───── Provided material ─────
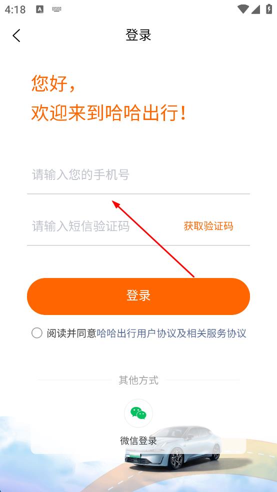1、打开哈哈出行APP,先完成登录,输入手机号和验证码,勾选协议后点击“登录”。
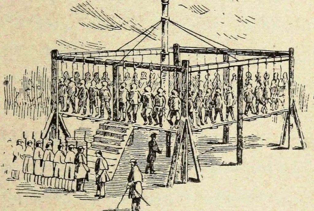 El 5 de Noviembre de 1862 la comisión militar constituida había juzgado a 392 prisioneros y condenado a 307 a la pena capital. De la lista el presidente Lincoln solo aprobó la sentencia de muerte de 39 (luego se quedó en 38, al demostrarse la inocencia en un caso), por acusaciones probadas de asesinatos y violaciones de mujeres. El 26 de Diciembre fueron ejecutados en la plaza pública de Mankato, un acto considerado como la “America’s greatest mass execution”.
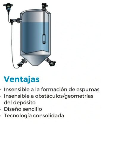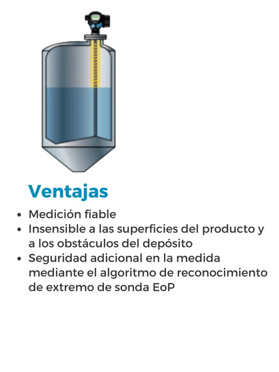 La medición de nivel por radar guiado con instalación de arriba a abajo de un sensor Levelflex ofrece una adaptación perfecta para aplicaciones en todas las industrias. El radar guiado con una puesta en marcha sencilla y una operación sin complicaciones, ahorra tiempo y dinero. Resulta apto para una amplia variedad de aplicaciones; ya sea en simples depósitos de almacenamiento, en productos corrosivos o agresivos o en aplicaciones exigentes.
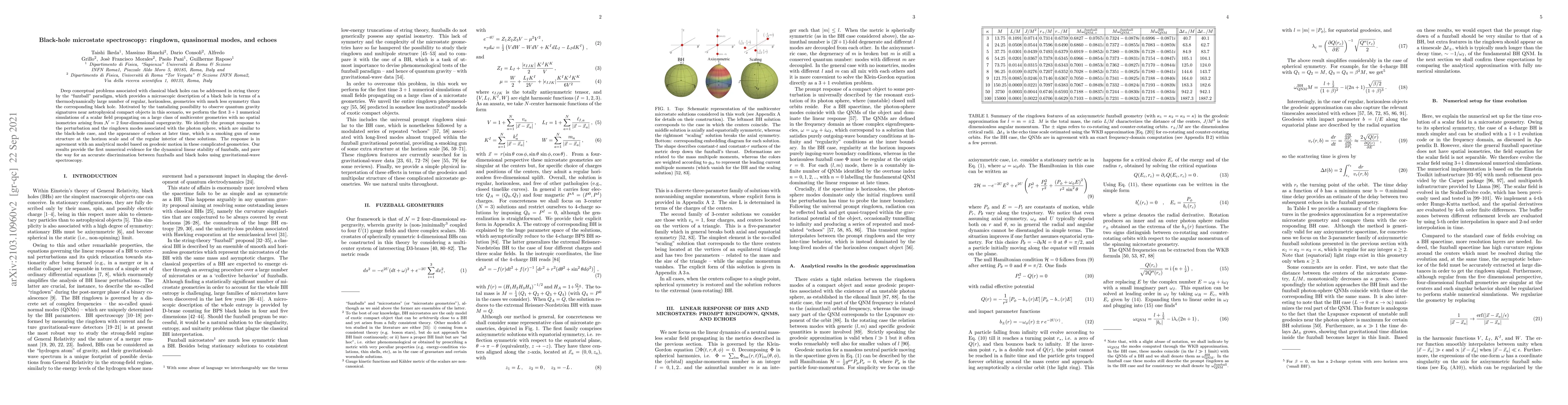 Deep conceptual problems associated with classical black holes can be addressed in string theory by the ``fuzzball'' paradigm, which provides a microscopic description of a black hole in terms of a thermodynamically large number of regular, horizonless, geometries with much less symmetry than the corresponding black hole. Motivated by the tantalizing possibility to observe quantum gravity signatures near astrophysical compact objects in this scenario, we perform the first $3+1$ numerical simulations of a scalar field propagating on a large class of multicenter geometries with no spatial isometries arising from ${\cal N}=2$ four-dimensional supergravity. We identify the prompt response to the perturbation and the ringdown modes associated with the photon sphere, which are similar to the black-hole case, and the appearance of echoes at later time, which is a smoking gun of some structure at the horizon scale and of the regular interior of these solutions. The response is in agreement with an analytical model based on geodesic motion in these complicated geometries. Our results provide the first numerical evidence for the dynamical linear stability of fuzzballs, and pave the way for an accurate discrimination between fuzzballs and black holes using gravitational-wave spectroscopy.
─────
Activity: Exactly the lines from the top of the listing through the line with "El 5 de Noviembre", and no pictures, should be printed.

Reply:
1、打开哈哈出行APP,先完成登录,输入手机号和验证码,勾选协议后点击“登录”。
 El 5 de Noviembre de 1862 la comisión militar constituida había juzgado a 392 prisioneros y condenado a 307 a la pena capital. De la lista el presidente Lincoln solo aprobó la sentencia de muerte de 39 (luego se quedó en 38, al demostrarse la inocencia en un caso), por acusaciones probadas de asesinatos y violaciones de mujeres. El 26 de Diciembre fueron ejecutados en la plaza pública de Mankato, un acto considerado como la “America’s greatest mass execution”.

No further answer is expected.